You mentioned earlier the ‘global powerhouse’ side of things, how are you looking at that in terms of growing the overall fanbase globally too, such as your partnership with WAVEtv?
We want to be more global as a fan base. Everyone always asks me ‘can Wales support four professional rugby franchises?’ Absolutely, 100%. But you can’t just be fishing in Wales for your fans, you’ve got to be global brands. England wouldn’t support 20 Premier League clubs at those levels of revenues without having the majority of fans overseas.
WAVEtv is a really interesting example. North America is really interesting in the growth of rugby, they’re going after the World Cup in 2031 and MLR [Major League Rugby] is starting to take off. In the last 12 months we’ve had 17 million views of Ospreys content on WAVEtv, which is crazy.
It’s okay to have more than core fans. Before it was all about how many season tickets you can sell and how many people you can get in the stadium. But I’m also interested in all the people around the world who want to see exciting rugby in social media who can engage with us in the content world.
Learnings from football are that these can be huge, huge numbers of people. We’ve already got twice as many global fans as any other Welsh region but the number is too small, we’ve got to build and grow that and WAVEtv is one way to do it.
As just mentioned, there are many people overseas who now have those connections to teams they have watched and decided they like, but what’s the difficulty like in converting those ‘third-party’ fans into true fans?
I’m actually not sure you have to. If a young person in the US is really interested in Ospreys, it doesn’t matter if they like Racing 92 or another club as well, it just matters that they’re interested in us. Because for a commercial partner who’s looking to tap into that fan the emotion is there, they might not be turning up to every game but I think the world is just different now.
You’ve mentioned your three-year plan for Ospreys, but what is your focus for the next 12 months?
By next year I want to have a fully optimised squad, so as many players as we feel necessary are ‘kings of chaos’ players, which I feel we’ll have after one more recruitment run.
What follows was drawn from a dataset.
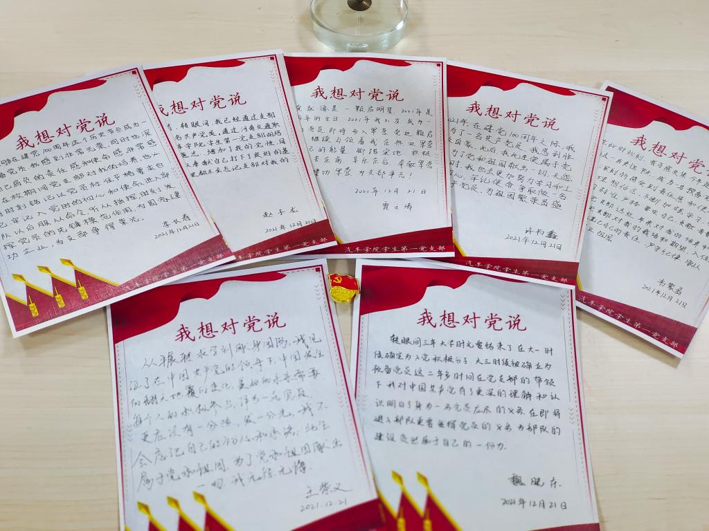 此次主題黨日活動以“我想對黨說”為主題,支部為每一位即將奔赴部隊的2019級士官生預備黨員準備了“我想對黨說” 專屬活動卡片,支部黨員通過“我手寫我心”的形式,對黨衷心告白。在“我手寫我心,下筆動真情”的過程中,士官生黨員們或回憶入黨初心,或感恩黨和支部的培養(yǎng),進一步凸顯了黨史學習教育成效,讓此次主題黨日活動飽含溫度和情感。

I think the academy needs to be dialled up, so the consistent style of play in training goes right throughout the whole pipeline.
I’d like to see increased fan numbers. We have really good fan engagement right now, but we need to invest in our content team. I want to have more information and deeper data on our fans, so our PumpJack partnership we’ve been running for 6-12 months should really start to drive dividends soon for commercial partners.
“If we’ve learnt anything in the last two years it’s that the world changes incredibly quickly.”
And I guess the most important thing to me is by this time next year, I want to have a really compelling commercial proposition. That’s delivered through two things, one is having a really clear narrative, brand and identity that we can use to marry with partners who are like-minded. The second is being able to really show true value, we’re also working with Blinkfire to get a good idea of the value that our partners are getting back from social media.
Having a clear partner servicing model is crucial. If we’ve learnt anything in the last two years it’s that the world changes incredibly quickly. I want people in the organisation with a brand mentality who can provide the best value. My definition of a bad partnership is when you’re constantly looking at the contract.
And of course, I want to always be in Europe!